After graduating college, starting my career, and starting my family, I made my way back to my art as a way of finding myself again. You know what happens to us as young moms. We spend all our time taking care of everyone in the family and forget to take care of ourselves. We forget who we really are!! So for years I took art classes with acrylic or oil paint. I loved them all. I even got in student shows and thought that was absolutely amazing.

After stepping away again due to rough family issues, I returned again 10 years ago with a vengeance. I really studied my life experience. I really tried to realize what it was that always drew me to art and how could I truly express all the the art living inside of me. It was then that I realized that all along since even a young age, it has always been about the color. I am just transfixed by color. I know I see all the extra colors that are available to the human eye. And I think I actually have a little synesthesia, which is when you feel physical feelings/emotions in response to certain color combinations. And what an amazing feeling it is when I reach that space in a painting where I get a “ZING” of energy racing through my body because the color combination really speaks to me. I even have negative energy when colors are not jiving right. I have a very hard time leaving a painting in the studio when its going through that ugly phase that all paintings go through. I want to keep working to get it out of that phase. But in life, that doesn’t always work. Most of the time at this point I am OK with it, but there are nights that I feel so bothered that the work is just not coming together. Sometimes I even put paintings away for a couple weeks, but for some reason, there is always a new direction to take when I rediscover them.

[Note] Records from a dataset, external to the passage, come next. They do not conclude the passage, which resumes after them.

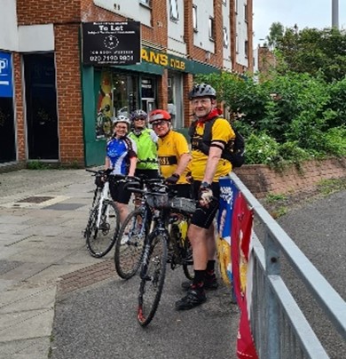 Todays group consisted of Vince and Monica whom had stayed over, joined by Alison and Fran who travelled out from London arriving in Reading at 08.30am. Shak, although having stayed over, decided to make his own way back home. He managed to post some great pics on chat of his trip. They had all had breakfast together at the hotel before I arrived. Note – they where allowed to have their bikes in the rooms with them and right next door was a branch of Evans Cycles.
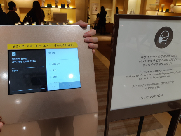 이들 브랜드 매장은 백화점 개점 시간부터 구매자들이 몰리는 경우가 많아 고객이 직접 휴대전화 번호와 방문 목적 등을 등록한 후 기다려야 이용할 수 있다. 개점하고 10분이 지나 등록하니 루이비통 매장은 27번, 디올은 23번 대기 번호를 받을 수 있었다. 이로부터 루이비통은 2시간 40분 뒤인 오후 1시 50분, 디올은 50여 분이 지난 정오께 입장할 수 있었다.
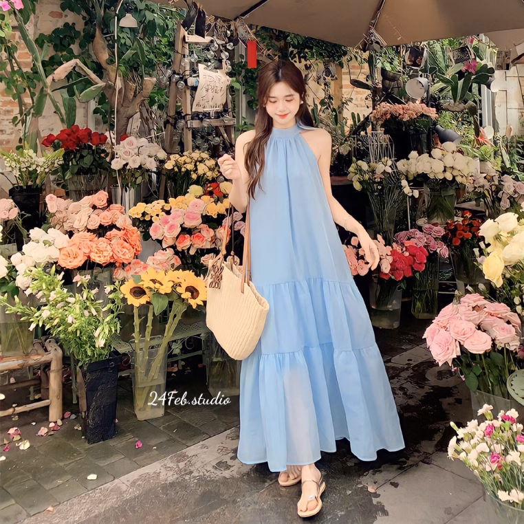 🔥 Váy maxi nữ voan tơ cổ yếm đính nơ phong cách tiểu thư nhẹ nhàng GheStudio V46 đang giảm giá!
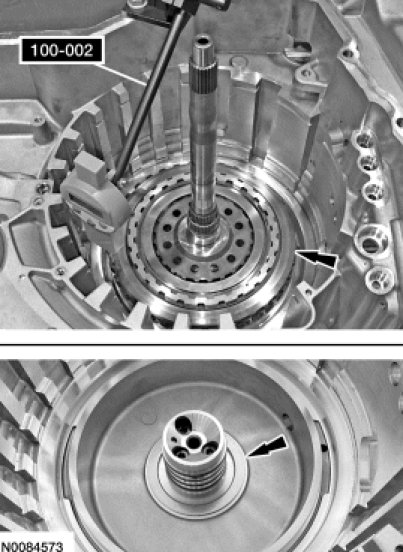 1. Slightly lift up on the direct (3, 5, R) clutch so that the snap ring floats freely.
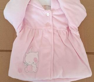 Joli dors bien en polaire bleu ciel et rose, orné d'un motif de petit chat avec son ours, fermé par glissière. Taille 3 mois. Prix : 8.00 euros + frais d'envoi par Mondial Relay

So that’s it. My life’s work is to explore color, color palettes, and all the ways that colors interact with each other and the viewer. My hope is that my work spurs on the amazing emotions that I feel within the viewer. I hope the energy gets transported from me to you. I hope that the wonder of the color interplay hold the viewers attention, with new minute details to discover each time you view it. The process of creating the work is for me, but the painting is not for me. It’s for YOU, the viewer. And that my friends is truly the most remarkable thing to me. I’m honored that this is how I’ve been created. I’m thankful for every time that I was not understood as a child or teen, because I think my whole life experience led me here - to my life’s work. Without the love, the children, the travel, the nature, the beauty of Florida, I would not be able to create this work. I’ve never felt more like my true authentic self than I do when I’m painting, and I’m so thankful that I have this platform to share it with you!! I pray you always feel that energy from me in everything I do, because I know I was created to be a creative!!!